- [What you have to do] Below is a listing; write it out exactly and drop any images from it.

- [Information supplied]
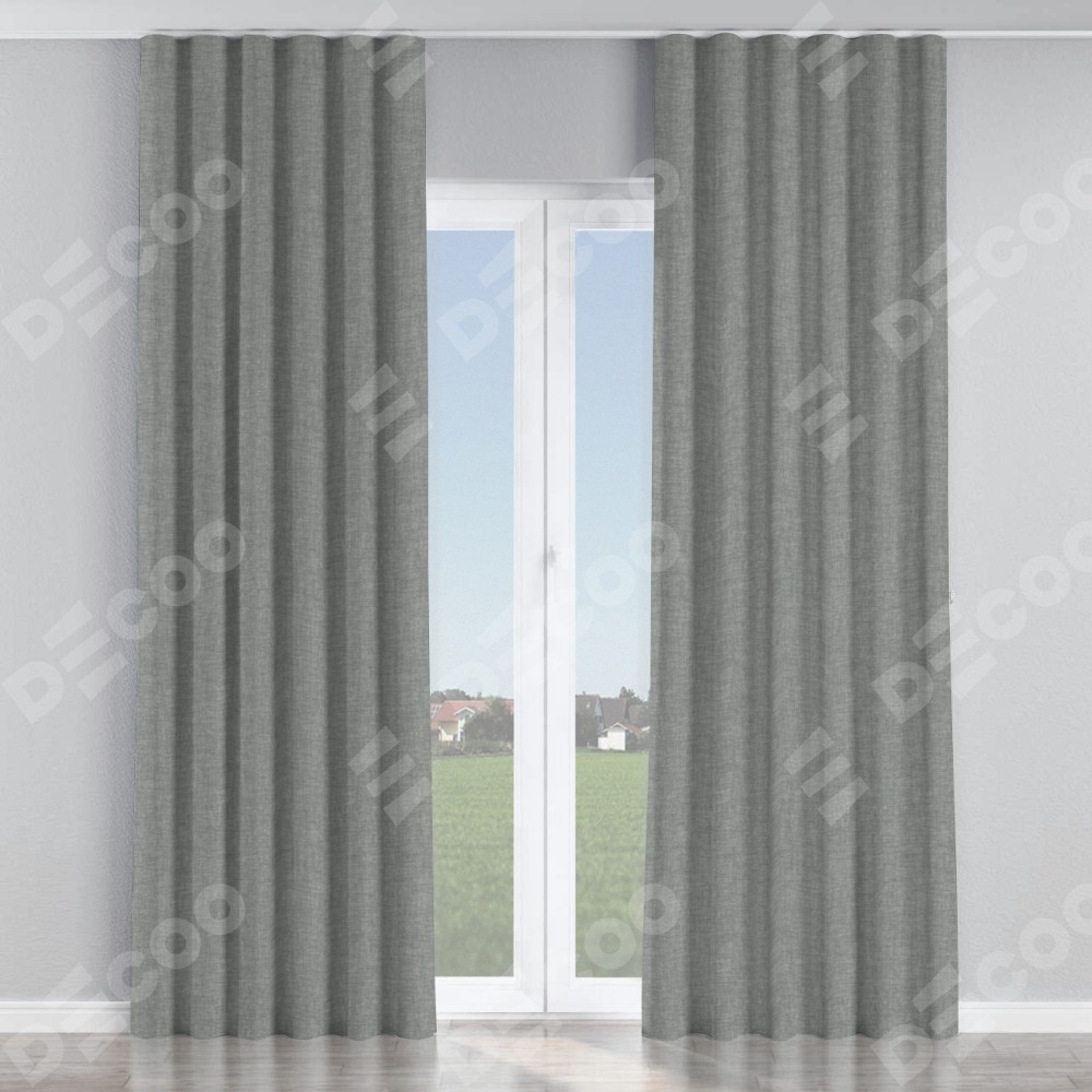 Комплект прямых штор, от производителя «Cortin», пошиты из ткани рогожка димаут тёмно-серый, артикул ткани 80418. С изнаночной стороны в верхней части штор пристрачивается шторная лента с декоративными складками «Волна». Для создания элегантных складок прямые шторы шьются по стандарту с коэффициентом 1:2 (на 100 см. ширины проёма 200 см. ширины ткани).
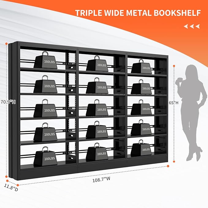 71" Metal Book Shelf, 5 Tier Bookshelf with Adjustable Shelves, Bookshleves and Bookcases, Heavy Duty Library Book Case, Expandable Combination Bookshelf (Black, 108.3" W)
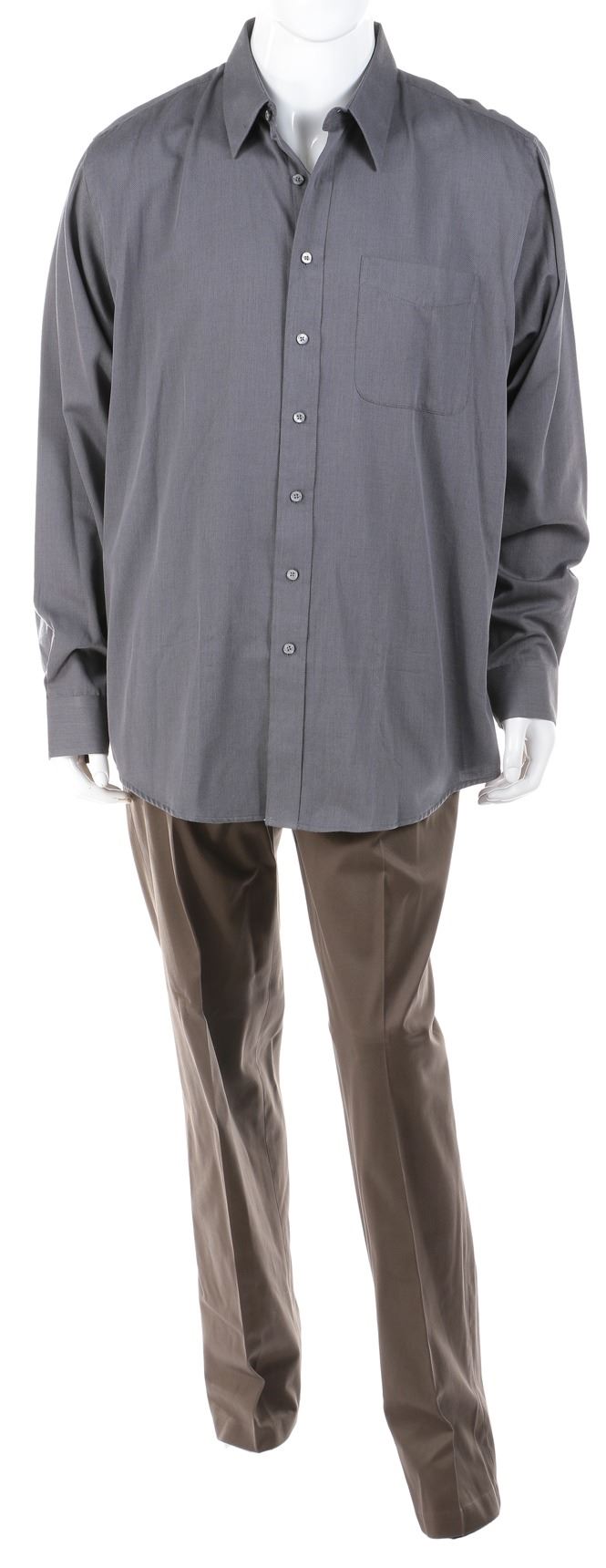 411. Harrison Ford "Max Brogan" ensemble from Crossing Over.(Weinstein Company, 2009) Original (2) piece ensemble including (1) diamond textured slate blue button-up with 1-chest pocket, and (1) pair taupe trousers with zipper front closure. Retaining costumer's oak tag with printed and handwritten production information. In fine condition. $400 - $600

- [Answer space]
 Комплект прямых штор, от производителя «Cortin», пошиты из ткани рогожка димаут тёмно-серый, артикул ткани 80418. С изнаночной стороны в верхней части штор пристрачивается шторная лента с декоративными складками «Волна». Для создания элегантных складок прямые шторы шьются по стандарту с коэффициентом 1:2 (на 100 см. ширины проёма 200 см. ширины ткани).
 71" Metal Book Shelf, 5 Tier Bookshelf with Adjustable Shelves, Bookshleves and Bookcases, Heavy Duty Library Book Case, Expandable Combination Bookshelf (Black, 108.3" W)
 411. Harrison Ford "Max Brogan" ensemble from Crossing Over.(Weinstein Company, 2009) Original (2) piece ensemble including (1) diamond textured slate blue button-up with 1-chest pocket, and (1) pair taupe trousers with zipper front closure. Retaining costumer's oak tag with printed and handwritten production information. In fine condition. $400 - $600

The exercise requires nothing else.